▸ **YOUR TASK**
Can you set down, exactly as they appear below, the lines from the opening of the material through the one bearing "3D puslespil boksen", minus the pictures?

▸ **RECORDED DATA**
++++
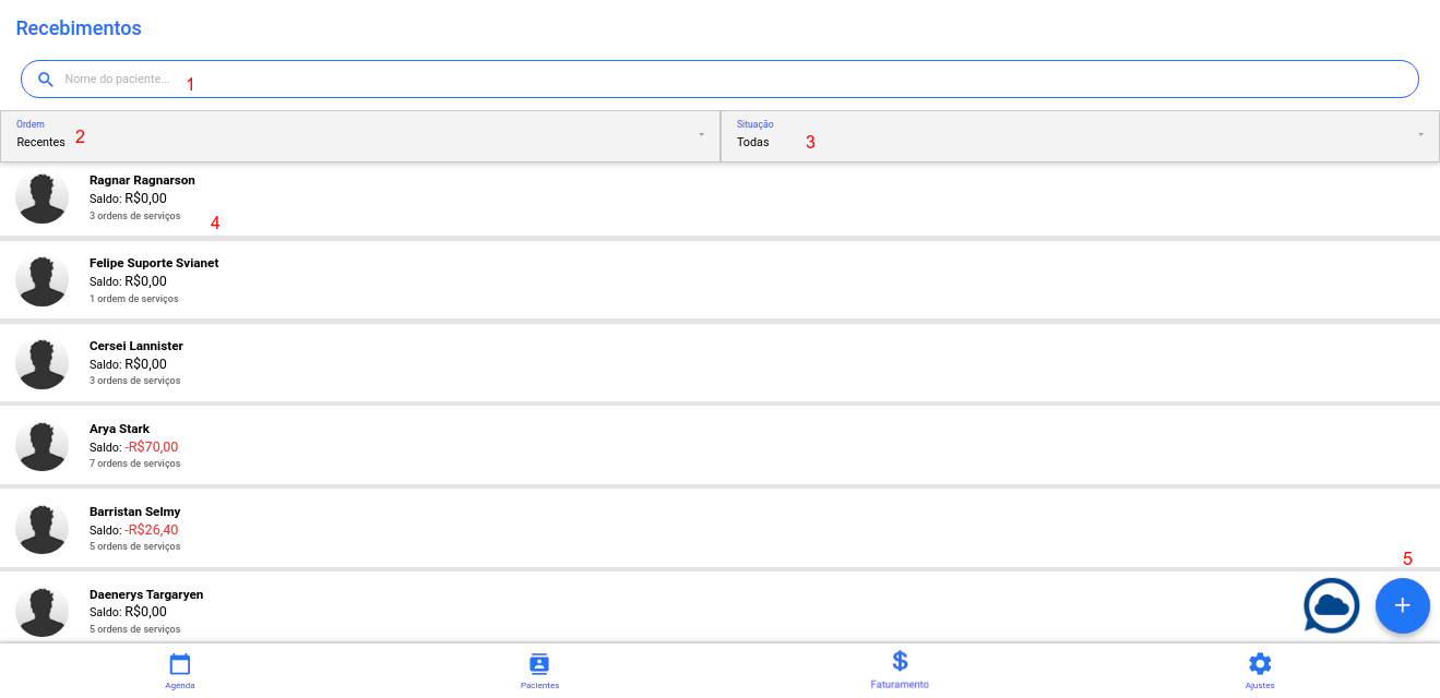 Em faturamento é visualizado um resumo financeiro do paciente na instituição. Pode pesquisar pelo paciente (1), ordenar pela forma de exibição (2) e filtrar por situação de status no pagamento (3) . Também é possível detalhar a situação de um usuário clicando nele (4) e adicionar um novo recebimento a um paciente (5).
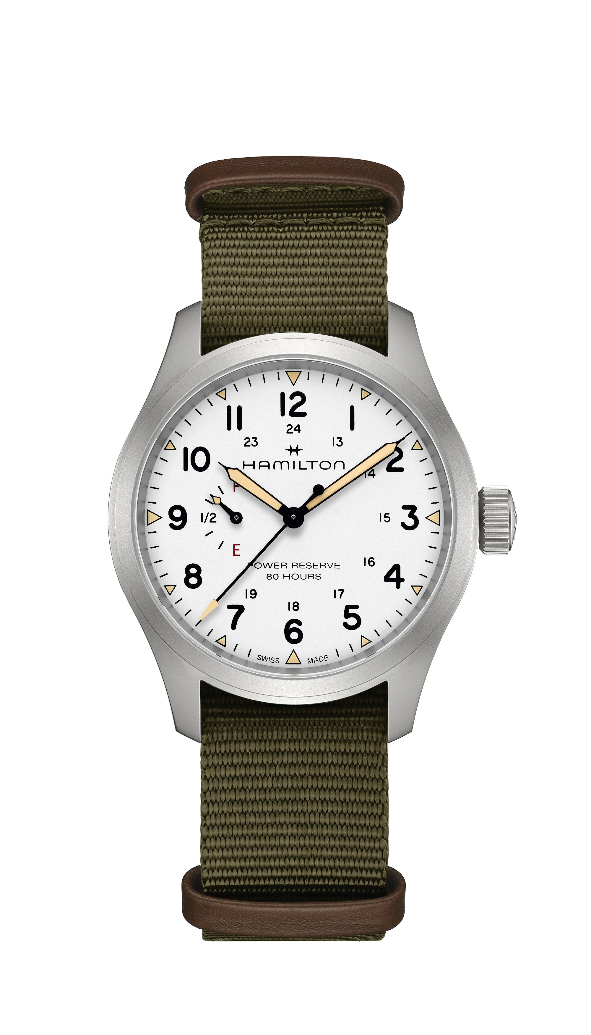 Hamilton Khaki FieldMechanical Power Reserve Wht Dial Textile Strap
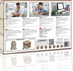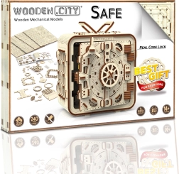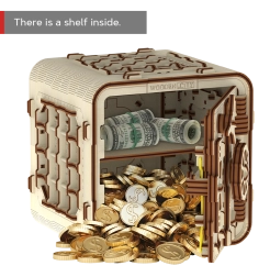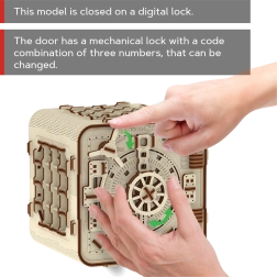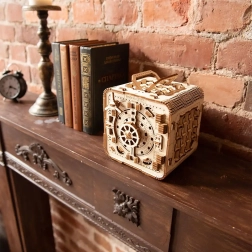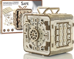3D puslespil boksen fra Wooden City er en ideel gave til elskere af gåder og smukt design. Denne funktionelle model efterligner mekanismen i en bankboks med en trecifret kombination, som kan ændres når som helst. Boksen har også en hemmelig funktion, der hjælper dig, hvis du glemmer koden. Udtrykket forstærkes af et håndtag for nem transport og hyldeplads indeni.
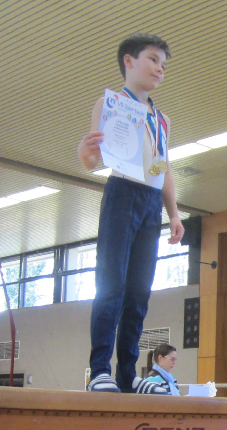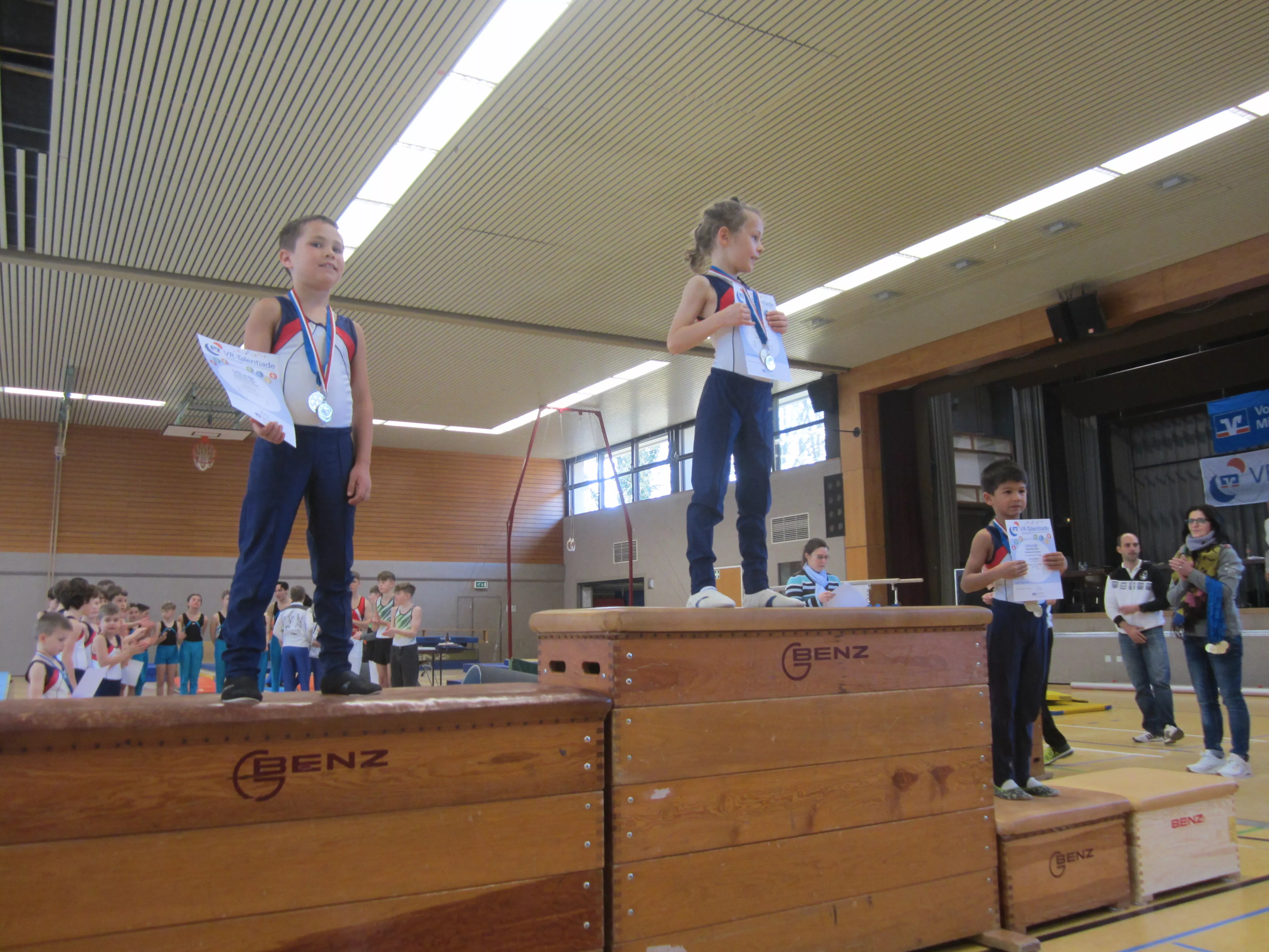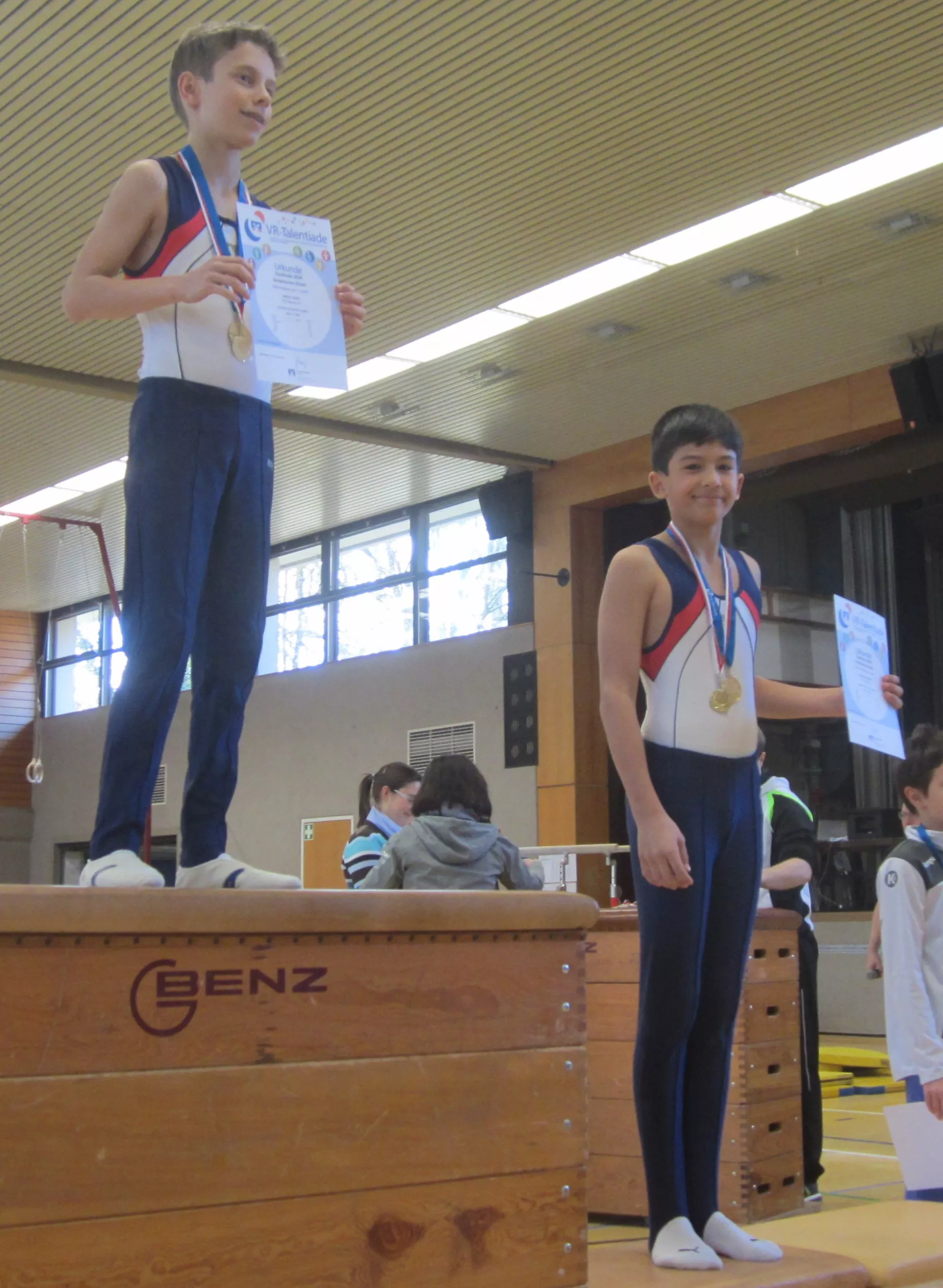 Überlegene Sieger in ihren Altersklassen wurden Adrian Lorenz und Nick Zimmermann. Adrian turnte am Pauschenpferd die Höchstnote von 16,4 Pkt. und Nick gelang dies am Sprung mit 16,2 Pkt. Einen spannenden Zweikampf um den 1. Platz lieferten sich Julian Scholze und Finn Lorenz. Durch die bessere Bodenübung gewann Julian (12,8 zu 12,2 Pkt.). Ebenso spannend war es bei den Achtjährigen. Hier siegte Nick Adam mit 0,1 Pkt. vor Hannes Hauck. Den fünften Titel erturnte sich Samuel Thüringer bei den Elfjährigen.
++++
▸ **RESULT FOR THIS EXERCISE**
 Em faturamento é visualizado um resumo financeiro do paciente na instituição. Pode pesquisar pelo paciente (1), ordenar pela forma de exibição (2) e filtrar por situação de status no pagamento (3) . Também é possível detalhar a situação de um usuário clicando nele (4) e adicionar um novo recebimento a um paciente (5).
 Hamilton Khaki FieldMechanical Power Reserve Wht Dial Textile Strap
3D puslespil boksen fra Wooden City er en ideel gave til elskere af gåder og smukt design. Denne funktionelle model efterligner mekanismen i en bankboks med en trecifret kombination, som kan ændres når som helst. Boksen har også en hemmelig funktion, der hjælper dig, hvis du glemmer koden. Udtrykket forstærkes af et håndtag for nem transport og hyldeplads indeni.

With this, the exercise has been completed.